Depuis 1975, quasiment personne n’a pu parler directement à des sahraouis dans les territoires occupés par l’armée marocaine. Pour la première fois, un journaliste y est parvenu. Il rapporte le récit de ses 8 jours dans l’hébdomadaire du Parti Communiste Français, « Révolution ».
Ainsi sont corroborés tous les témoignages indiquant que le peuple sahraoui continue à lutter malgré une féroce répression dans toutes les zones occupées. Laissons parler J.F. Boyer.
"On ne sort pas d’El Aaiun ! La route du port est libre mais il serait illusoire de chercher à s’embarquer incongnito : la Gendarmerie Royale surveille les débarcadères pouce par pouce et l’armée contrôle les plages voisines.
Au Nord, malgré deux barrages militaires très méfiants, on peut se rendre jusqu’à Daora, petit village triste groupé autour d’un ancien fortin espagnol. Au-delà, on ne passe pas.
A l’Est, vers Smara, les premiers contrôles sont installés là où finissent les bidonvilles du quartier sahraroui de Zemla. Sauf autorisation spéciale, aucun civil ne peut les franchir.

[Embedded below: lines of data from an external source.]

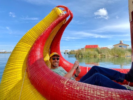 A hajónkkal a negyedórányira lévő Los Uros szigetekhez (vagyis úszó szigetek) mentünk először. Ez egy teljes dilemma nálam mindig: befizetsz egy ilyen szervezett programra, de hányan lesznek ott rajtad kívül, mennyire lesz autentikus a program, mennyire lesz a túravezető élvezetes, szimpatikus… stb.
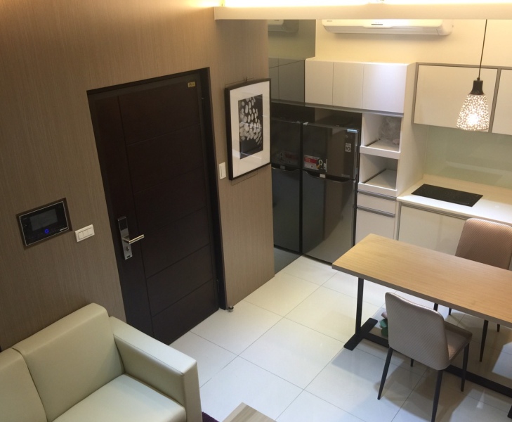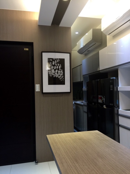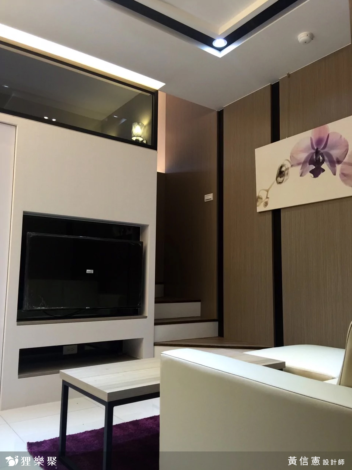 一樓為客廳、廚房和一間小房間,客廳以染白拋光木皮牆面、拋光地磚搭配電視牆頂部的玻璃元素,使空間感得以延伸,襯上訂製的白色皮質沙發、地毯共構出屋主簡潔且低調的沉著品味,讓整體空間更富層次。小房間則規劃為儲藏室,透過隱藏門設計使之融入居家,使視覺感一致且美觀。
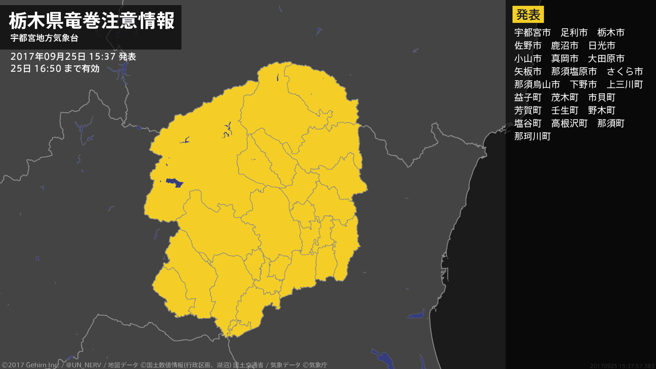 栃木県は、竜巻などの激しい突風が発生しやすい気象状況になっています。頑丈な建物内に移動するなど安全確保に努めてください。この情報は25日16:50まで有効です。
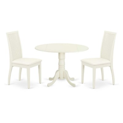 3-Piece Linen White Finish Solid Wood Top - Round Dining Room Set - Seats 4
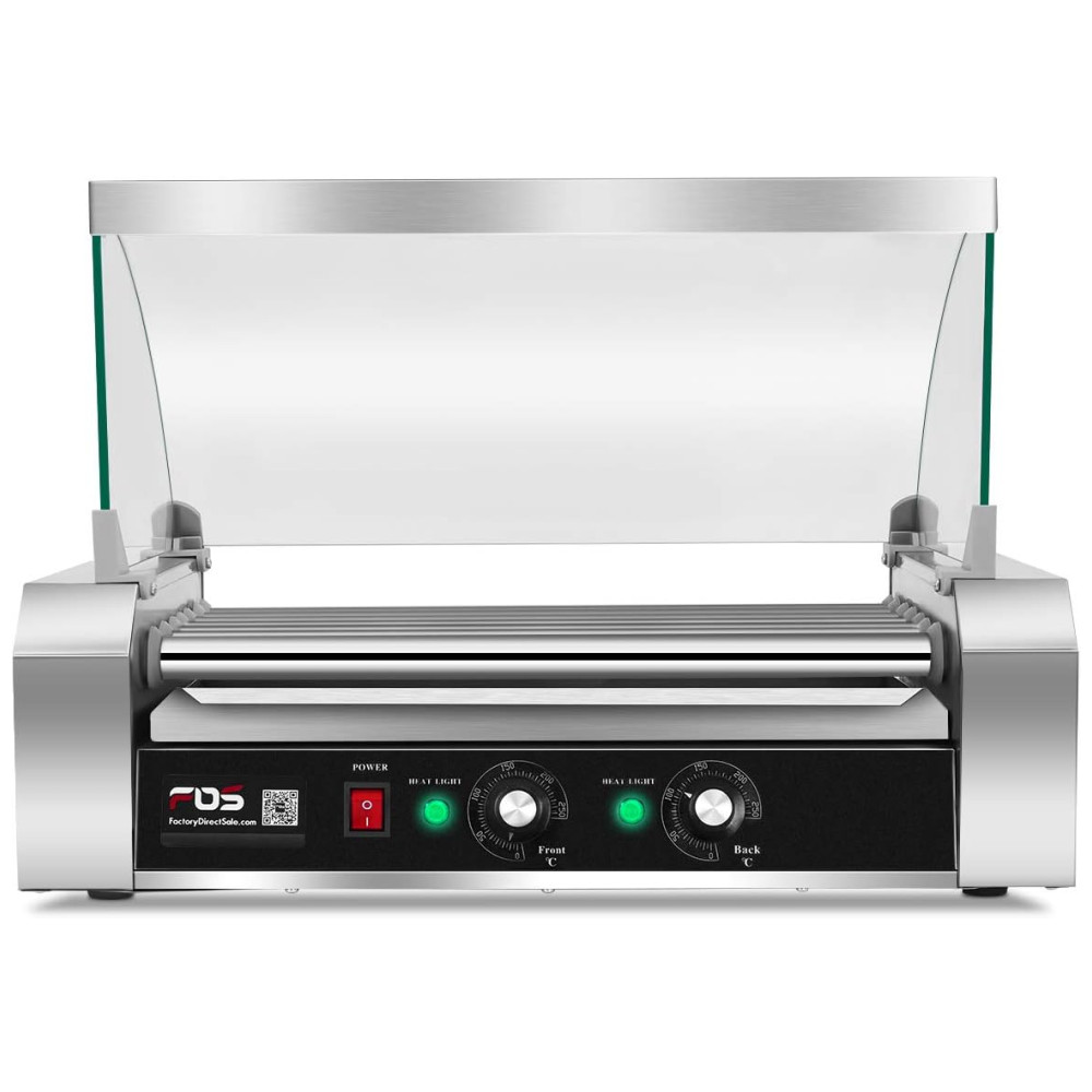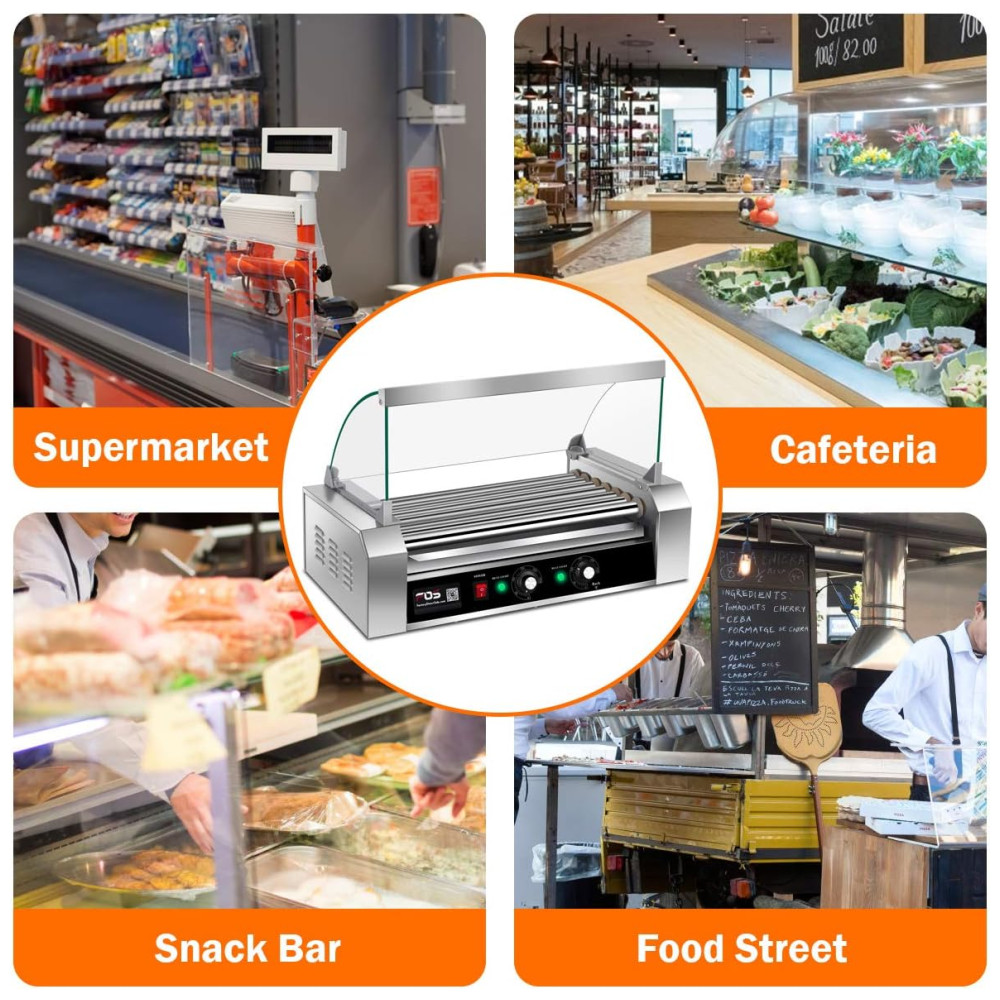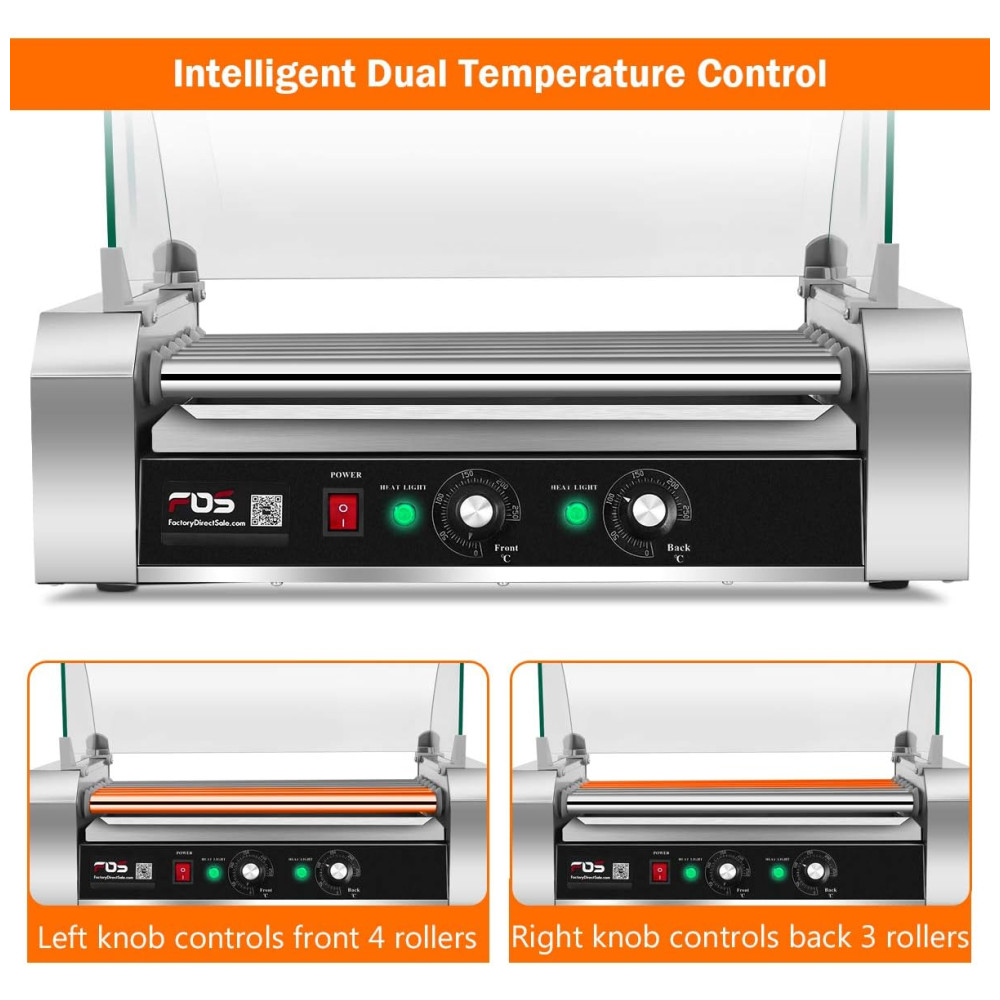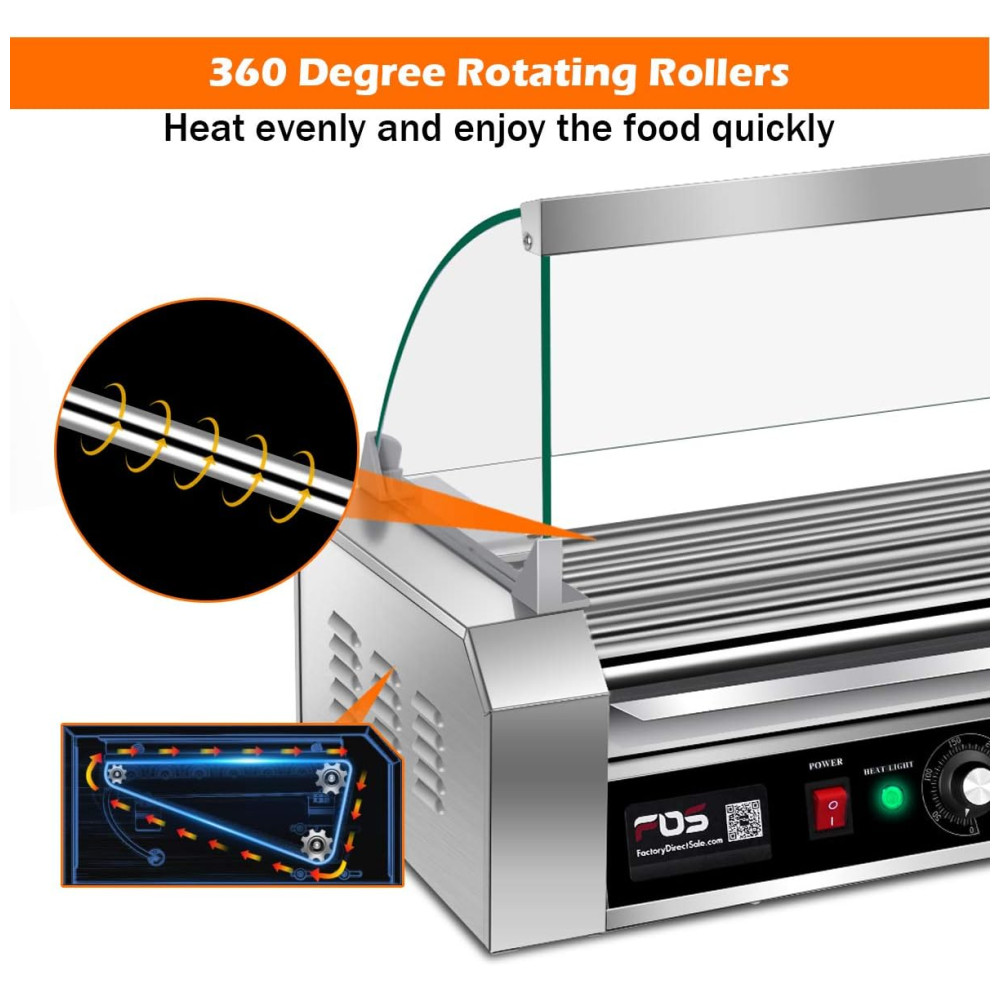 Rolos antiaderentes Todos os 7 rolos de aço inoxidável de grau premium e antiaderentes giram 360 graus, aquecidos uniformemente. Capacidade máxima 18 cachorros quentes por lote. Controles de temperatura separados Os controles dianteiro e traseiro possibilitaram assar na frente, mantendo os cachorros quentes aquecidos atrás. Inclui uma bandeja removível de aço inoxidável para limpeza rápida e fácil. Qualidade Perfeito para uso e doméstico. Grelhe seu próprio cachorro quente ou salsicha estilo estádio usando nossa máquina de cachorro quente Roller de qualidade . Potente e de usar Carregado com recursos de segurança, este fogão tem um fusível embutido, cabo de alimentação aterrado de 110 volts padrão dos EUA e pés de borracha antiderrapantes. Sistema de resfriamento projetado A dissipação de calor poroso multifacetado garante uma temperatura razoável da máquina e estende a vida útil da máquina.
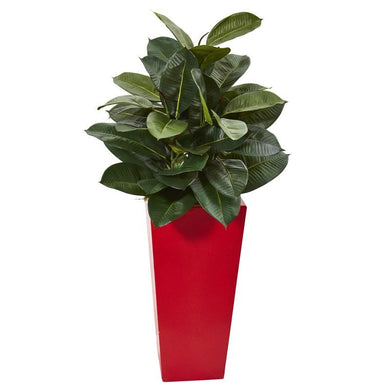 37" Artificial Rubber Plant In Red Tower Planter 9246 By Nearly Natural
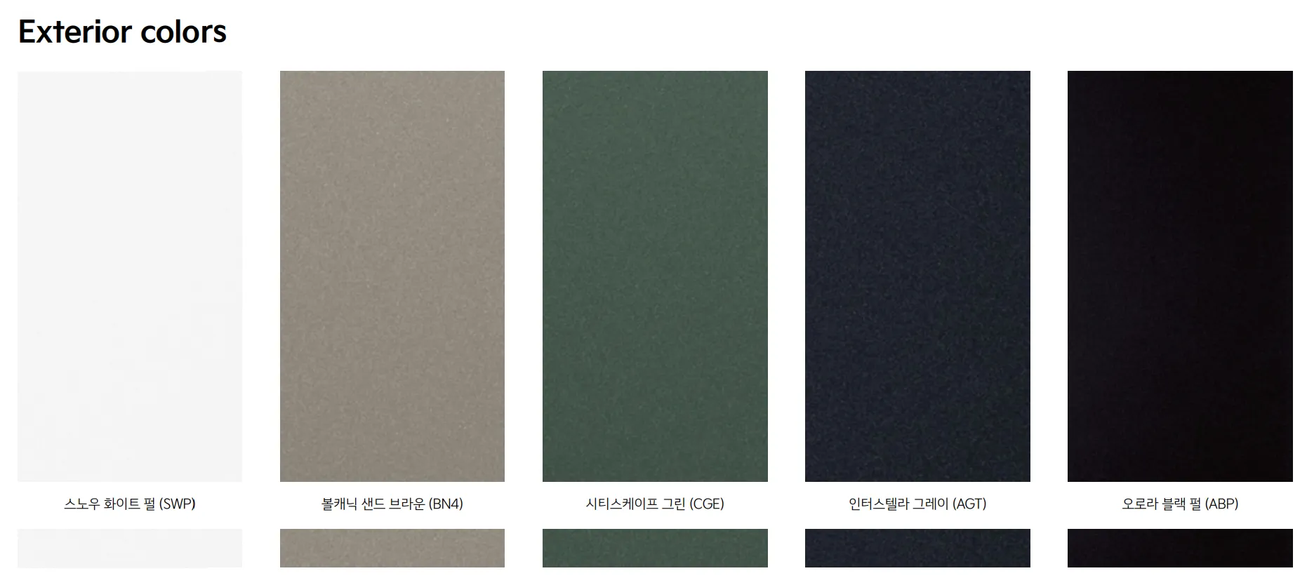 외장 컬러는 5가지이며, 내장 컬러는 2가지로 선택할 수 있습니다.

En revanche, c’est un défilé incessant de véhicules militaires : transport de troupes entres les trois grandes casernes de la ville et les trois ceintures fortifiées qui se succèdent dans un rayon de 10 à 40 km, acheminement de vivres et de munitions…
J’ai laissé derrière moi la ville basse, l’ancienne ville espagnole aujourd’hui totalement colonisée par les Marocains : autour des constructions hispano-mauresques de l’État-major du Gouvernorat et de la Sûreté, ils monopolisent le commerce de l’alimentation, les restaurants, les boutiques de vêtements, les salons de coiffure… Dans les banques et les cafés, c’est l’ambiance de Fès ou Marrakech. Ici et là quelques vieux négociants sahraouis continuent à écouler les stocks d’électronique et d’électroménager accumulés jusqu’en 1975 et les quelques appareils importés au compte-gouttes depuis l’interruption du commerce de gros avec les Canaries.